Mi bella madre, Martha Elvira, vivió hasta los 81 años y tuvo una piel maravillosa, al igual que mi tía Carmelita y la abuela Angelina. Desde bebés usaron cremas y pomadas de cera virgen de abejas, agua de rosas y geranio malva en distintas proporciones. Por ejemplo, no es igual una crema facial que una pomada para el bebé. La primera tiene mucha agua floral, se deshace sobre la piel y la impregna de la suave capa orgánica de la cera. Es humectante, hidrata el rostro que se nutre del aceite esencial de geranio malva. La pomada en cambio tiene muy poca agua, casi es pura cera de abejas y se acerca mucho a la fórmula del Cerato de Galeno, aquel famoso médico que curaba todos los males de la piel con cera virgen, allá en el siglo XII de nuestra era. «Todo es cuestión de proporciones cuando los ingredientes son puros», aseguraba en un tratado de medicina que bien vale la pena consultar.

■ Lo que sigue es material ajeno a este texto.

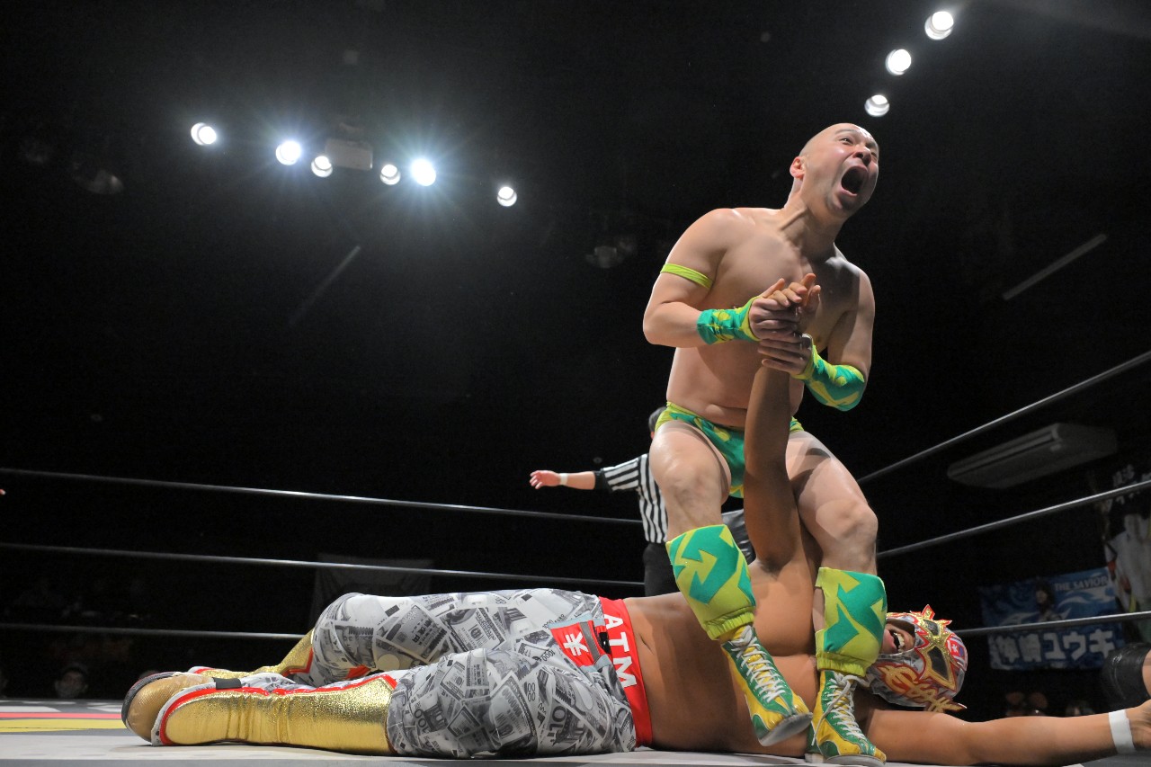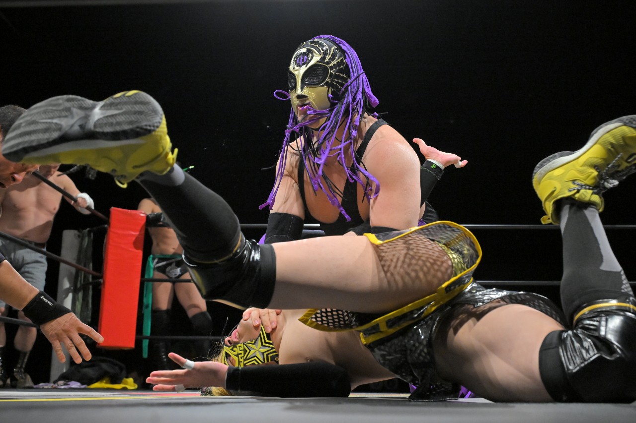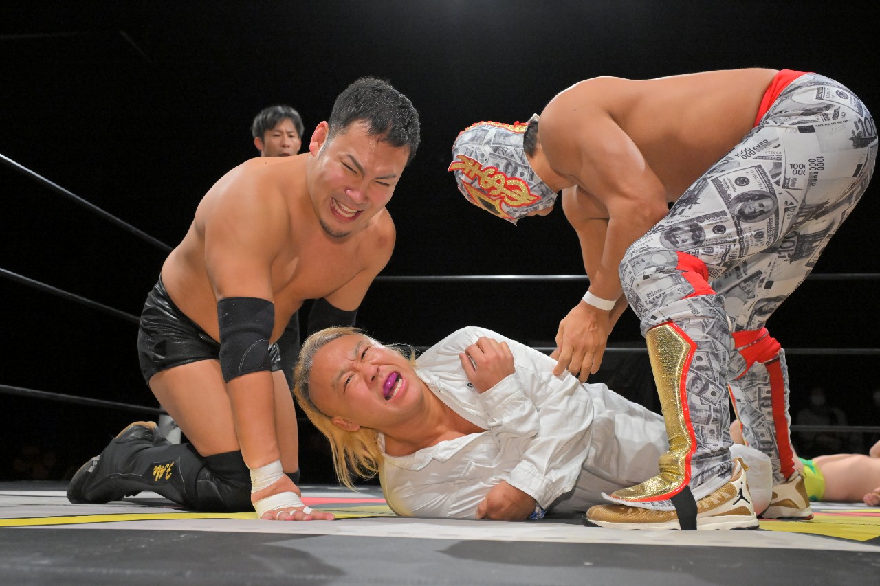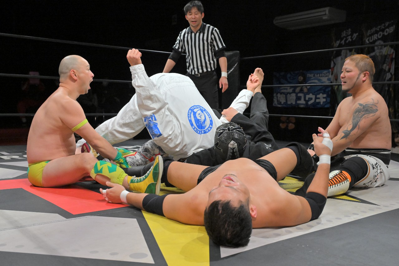 千賀&塚本が阿部&ATMをハンマースローでぶつけて倒し、それぞれアキレス腱固めに固めながらエストレージャの形に。その中央でKURO-OBIが佐野をDDTで突き刺し、令和最新型の現代アートが完成。

Así pues, con una sola crema, las abuelas tenían una piel maravillosa. No necesitaban un demaquillante fuera de la misma crema esparcida sobre el rostro y luego retirada con un paño, toallita o pañuelo. No había crema para el contorno de ojos, una de día y otra de noche, un bloqueador solar más allá del filtro SPF15 de la versátil cera. No usaban otro tónico que el agua de rosas y en última instancia el agua de lluvia, la mejor y destilada al %100 desde el mismo cielo, además totalmente gratuita.

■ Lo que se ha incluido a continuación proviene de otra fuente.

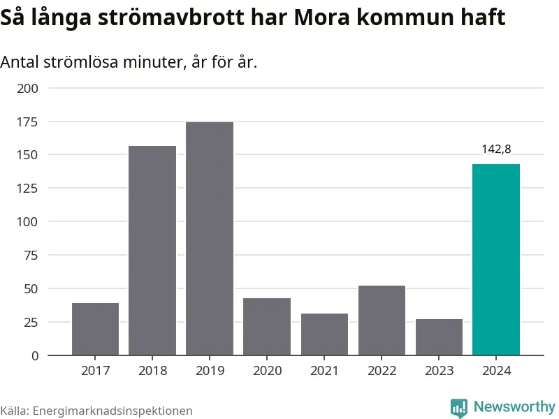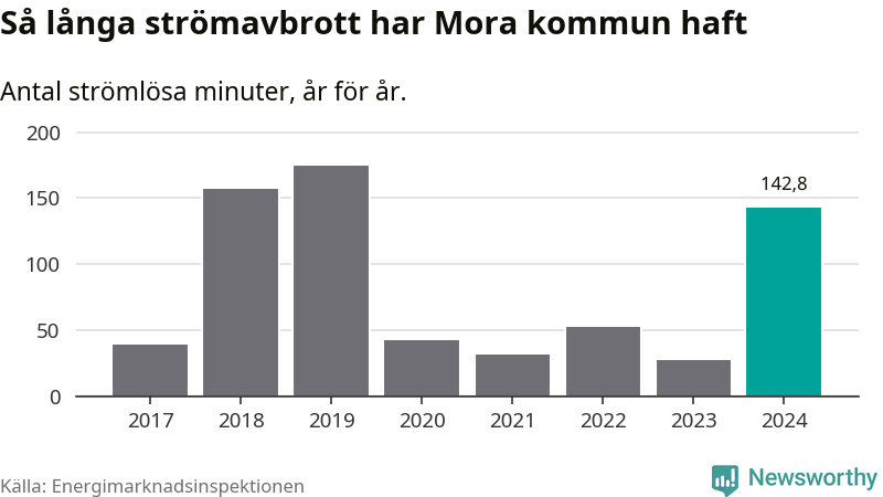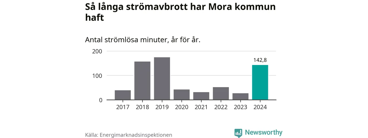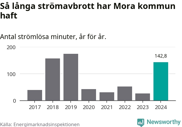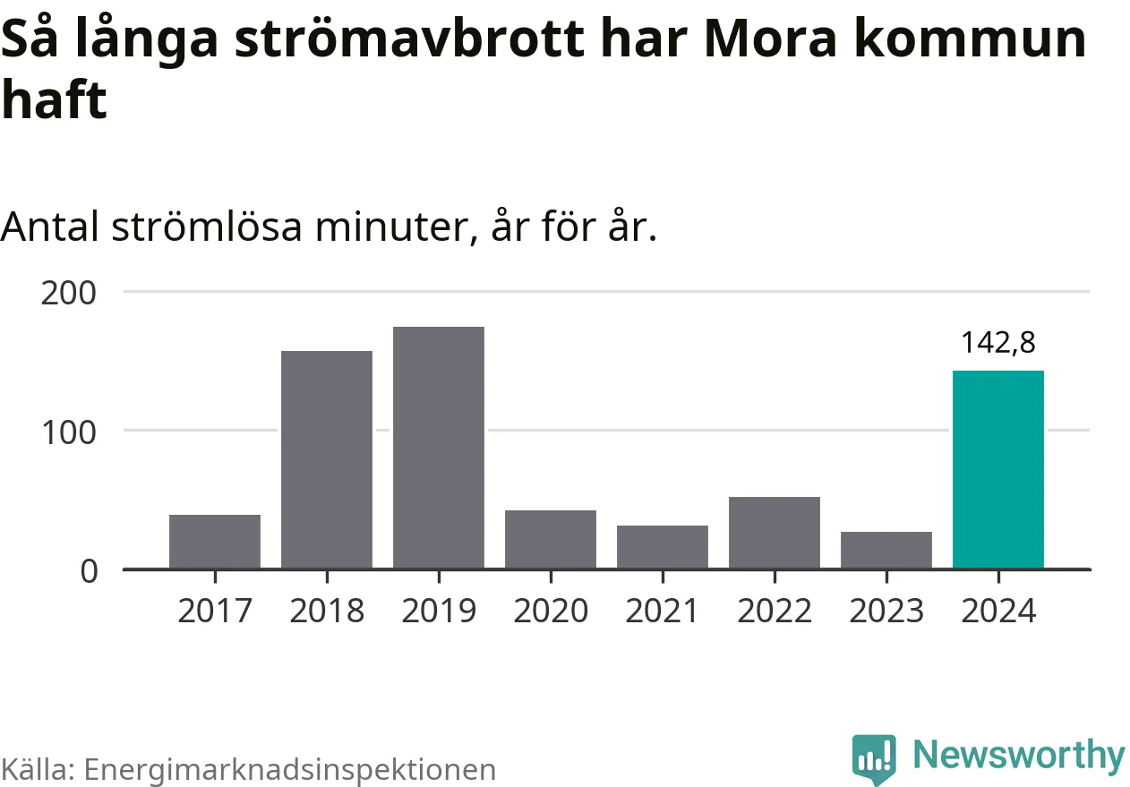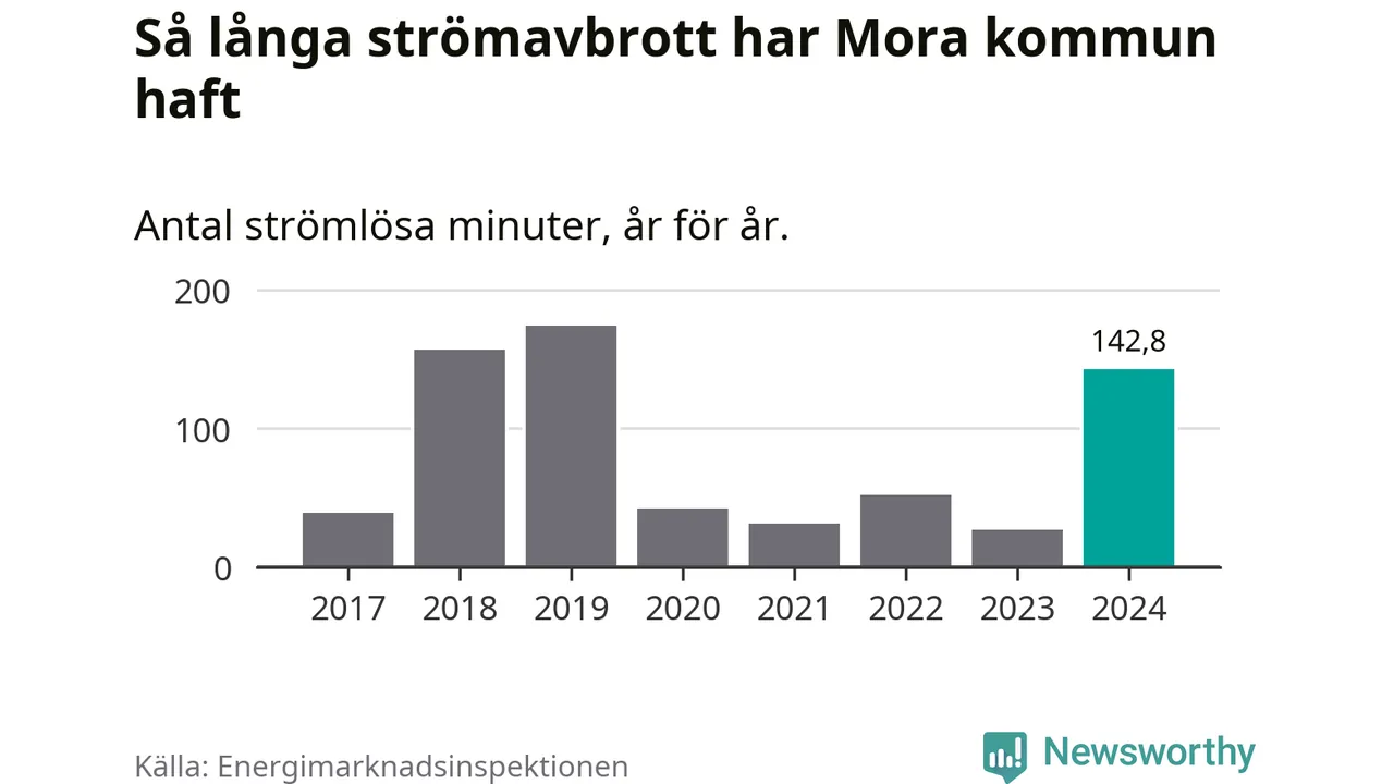 Antalet strömavbrott och total strömlös tid varierar från år till år i Mora kommun. Mest tid utan ström (i alla fall under perioden 2017–2024) fick Mora­borna genomleva under 2019 – två timmar och 54 minuter. Det är två timmar och sju minuter längre än under ett normalår.

Las abuelas sabían y hacían con sus manos una mascarilla de agua de lluvia o agua de rosas y avena como exfoliante, nos ponían de bebés solo la pomada mágica para curar todo mal, desde salpullidos y granitos hasta la dermatitis del pañal. Nos lavaban la carita con agua destilada, es decir… la que envía el Gran Espíritu. Así eran y por eso las debemos recordar más a menudo y confiar en la más anciana, seguramente conocía mágicos secretos orgánicos que podemos aprender.